K.P. Sasi


The first time I met Javed Anand was in the early eighties. I met him since my close friend Paul Kurien used to admire the significance of his work. Javed used to be part of a documentation centre at that time. Paul Kurien who was a brilliant mind is a deep memory even now for many common friends. I found Javed as a deeply reflective person, who is extremely focused in his work, warm and compassionate.


Later I came to know that he had joined the Times of India as a journalist and he had a partner called Teesta Setelvad who was also working as a journalist. After that I had various occasions to meet them individually as well as together in different places. I must confess that each meeting was inspiring for me as much as their relentless work, which made me an admirer of their dedication and passion.


When two senior journalists, Teesta Setelvad and Javed Anand left a well paid job and started a magazine called Communalism Combat, I never knew, that such a bold decision would become one of the greatest historical decisions of their personal lives which would connect the lives of millions of people later in this country – those who keep aspiring for a consistent dream of two words called `Secular India’ enshrined in the Indian Constitution. I never knew then, that their efforts would become such a prominent symbol in some of India’s greatest fights to preserve justice, peace and harmony in direct conflict with those machineries who play with the lives of millions of people using religion as a tool.

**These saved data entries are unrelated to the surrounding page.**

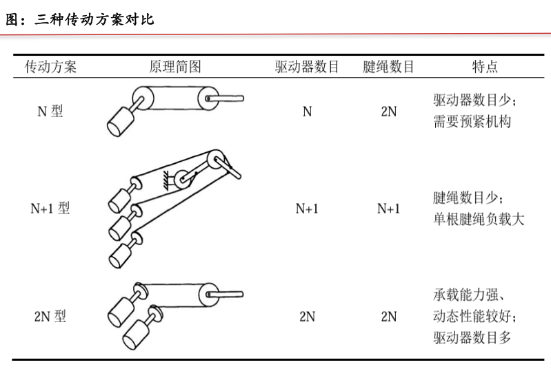 目前,主流的腱绳传动方案有三种:N型、N+1型、2N型。其中,N、N+1、2N分别代表驱动N个独立自由度所需的驱动单元数目。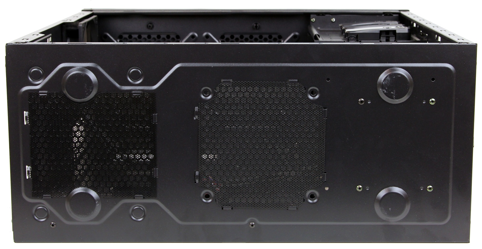 De onderkant bevat twee grote luchtroosters. Een daarvan is bedoeld als intake voor de voeding, terwijl achter het tweede rooster nog een extra ventilator kan worden geplaatst. Beide roosters zijn voorzien van een verwijderbaar stoffilter. De behuizing staat op vier pootjes, die in de bodemplaat zijn gestanst. Rubberen voetjes die hieronder kunnen worden geplakt, worden los meegeleverd.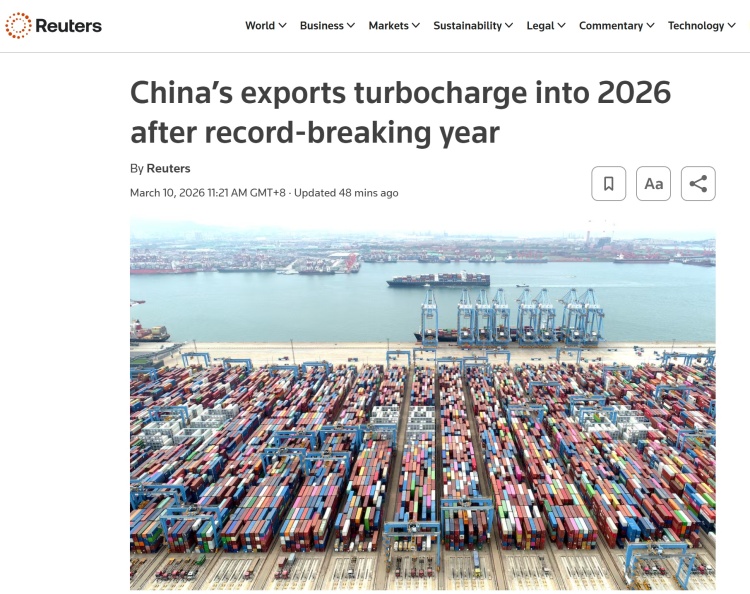 路透社的报道称,中国外贸在2026年迎来“开门红”,出口表现远超市场预期。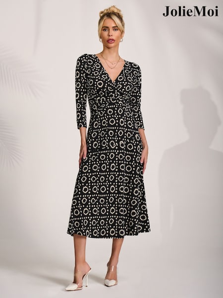 Jolie Moi Black Fit and Flare Jersey Midi Dress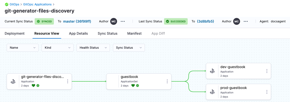 In your GitOps project, go to Deployments > GitOps > Applications, and then select your application.

The historic step of starting Communalism Combat was motivated by the violence which Javed and Teesta witnessed on the minority communities in Mumbai in 1992-93, immediately after the demolition of Babari Masjid. Sometimes, certain incidents can change your life altogether for the rest of your life. When Mumbai burnt, even some of the secular sections tried to protect their securities, instead of raising their voices for a secular India. But a few of them expressed enormous courage to face the insecurities. Javed and Teesta decided to leave their well paid jobs to face insecurities using their skills. With no salaries coming from their skills they initiated the effort of Communalism Combat in a shed in Juhu.

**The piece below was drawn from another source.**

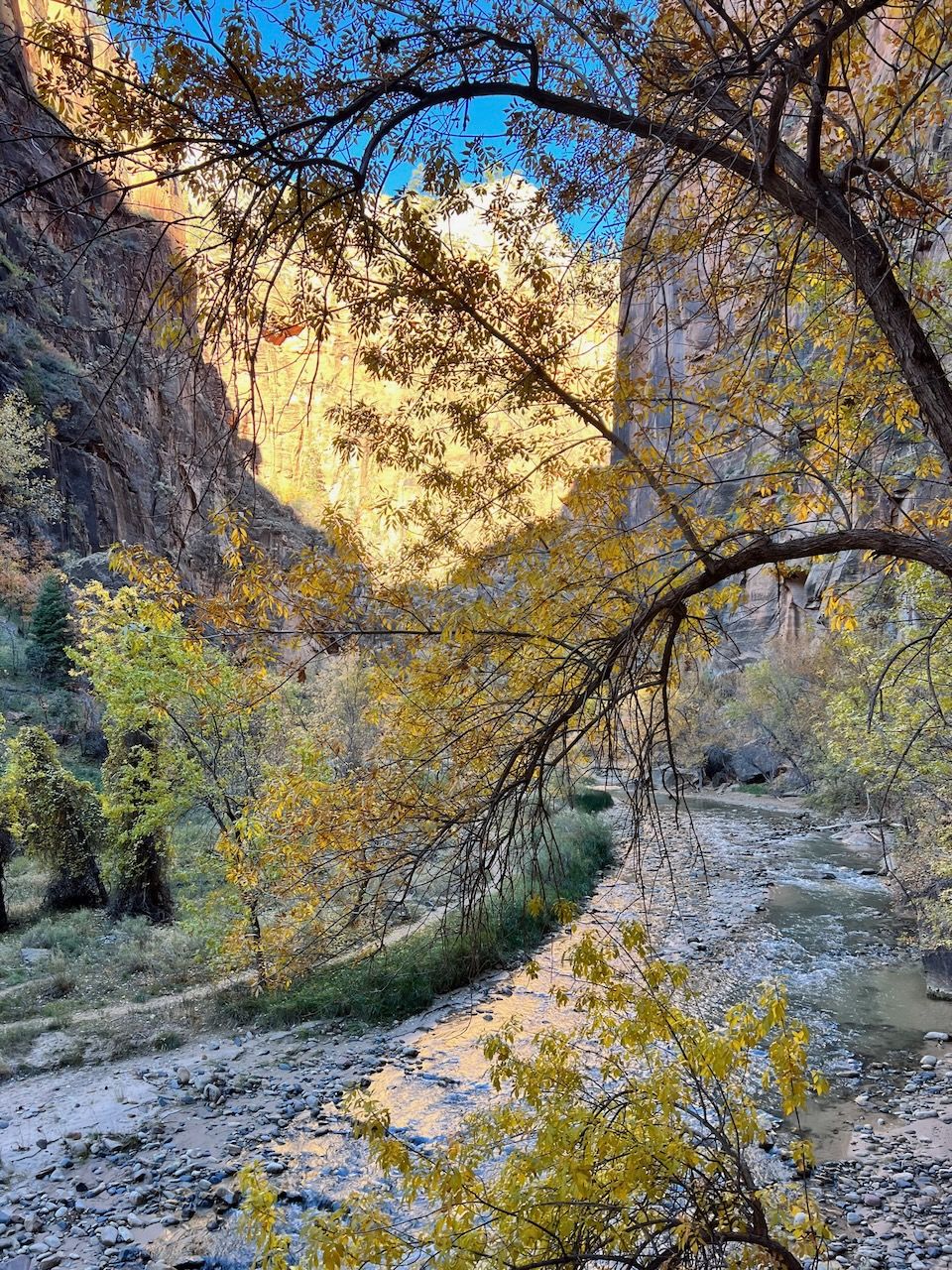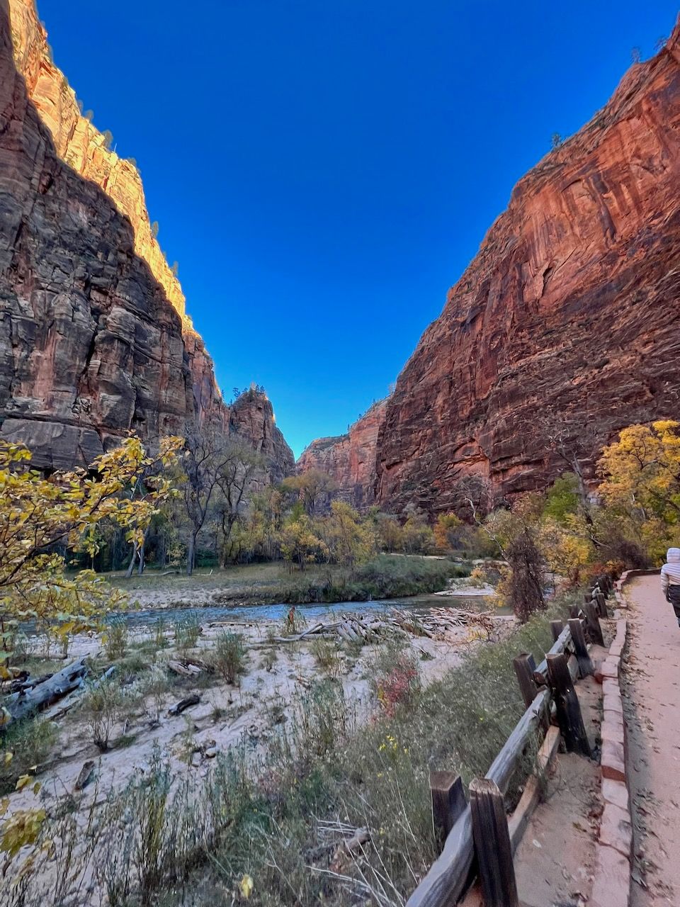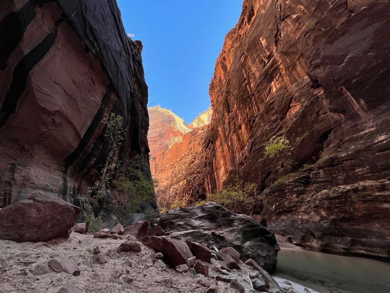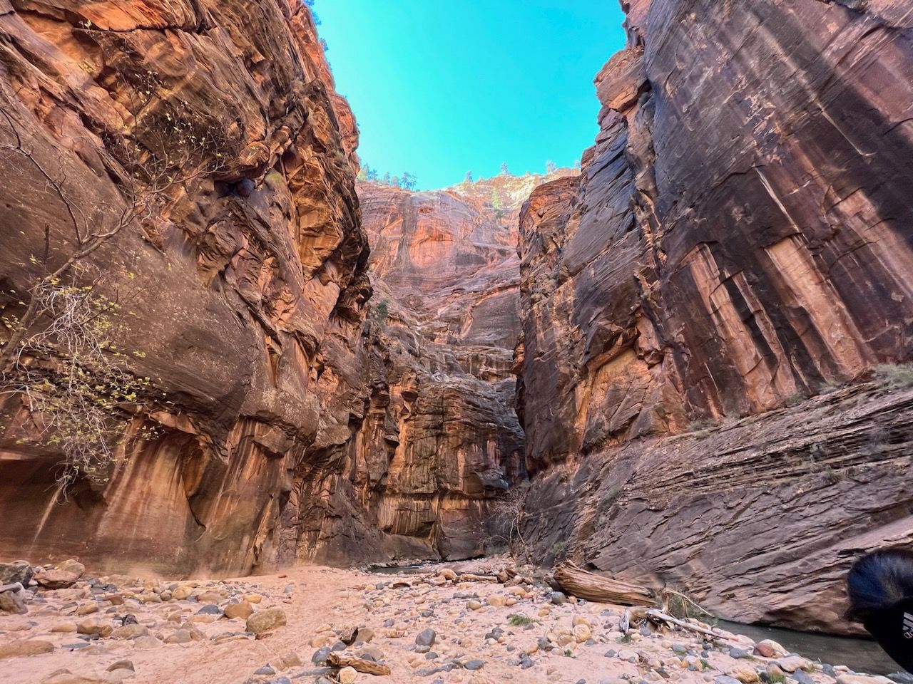 The highlight of the Zion was the Narrows. Walking in the (freezing) water should be the most iconic (we skipped another iconic spot - and infamous for America's most dangerous trail - Angels Landing this time) experience in Zion, but it demanded the right equipment. We rented Dry Pants Packages from Zion Outfitter (also located next to the Park entrance) the evening before our trail. We woke up at 6 am and had breakfast with Curry Noodles - just as we learned from Laid-Back Camp. And we left for the Temple of Sinawava, the last shuttle bus stop. We took the bus around 8:20 am, and it took about 40 minutes. We started the Zion Narrows Riverside Walk trail. The 20-minute walk brought us to the starting point of the Narrows Trail (Bottom-Up). The water was cold but manageable mainly (I think) thanks to neoprene socks. I was surprised that the water came into my feet after a few walks in the water. Still, I realized that it was the water that came through my hydro boots, and it seemed that it didn't pass through the socks because the water was way colder than I felt at my feet; I was surprised again that my feet were dry and soft when I got back to the campsite. The trail was terrific; last year, we had looked down the plunging cliffs of the Grand Canyon, but this year we looked all the way up. My eyes were overwhelmed by surreal sceneries, and my body had an extraordinary experience. We walked up to the entrance of Wall Street: 6 miles and 5 hours in and out. I was proud that my daughter managed it without an issue; last May, it was a little challenging for her to climb up to Nevada Falls. The school PE class must have helped her develop her strength - another good thing about getting out of the Pandemic.

Those who have burnt their fingers with alternative magazines can easily tell that starting a non-mainstream magazine without any proper financial backing is a difficult job. When the struggle to run the magazine as well as running a family became too difficult, Shabana Azmi stepped in for help. She organised some support for this crucial work by performing the play , Tumhari Amrita. From the days of their total insecurities till today, if any objective analysis on the volume of work they have undertaken, it could easily be found out that the work of Teesta and Javed were absolute healing touches on the promise of secular India by the Indian Constitution. If the new generation of activists wish to know how to stretch one’s 24 hours of a day into 48 hours for committed and dedicated hard work for a cause, they may study the lives of Teesta Setalvad and Javed Anand. But it is not an accident that fight against the violence in Mumbai and Gujarat stepped into their lives. It was a historical necessity of secular political consciousness in this country.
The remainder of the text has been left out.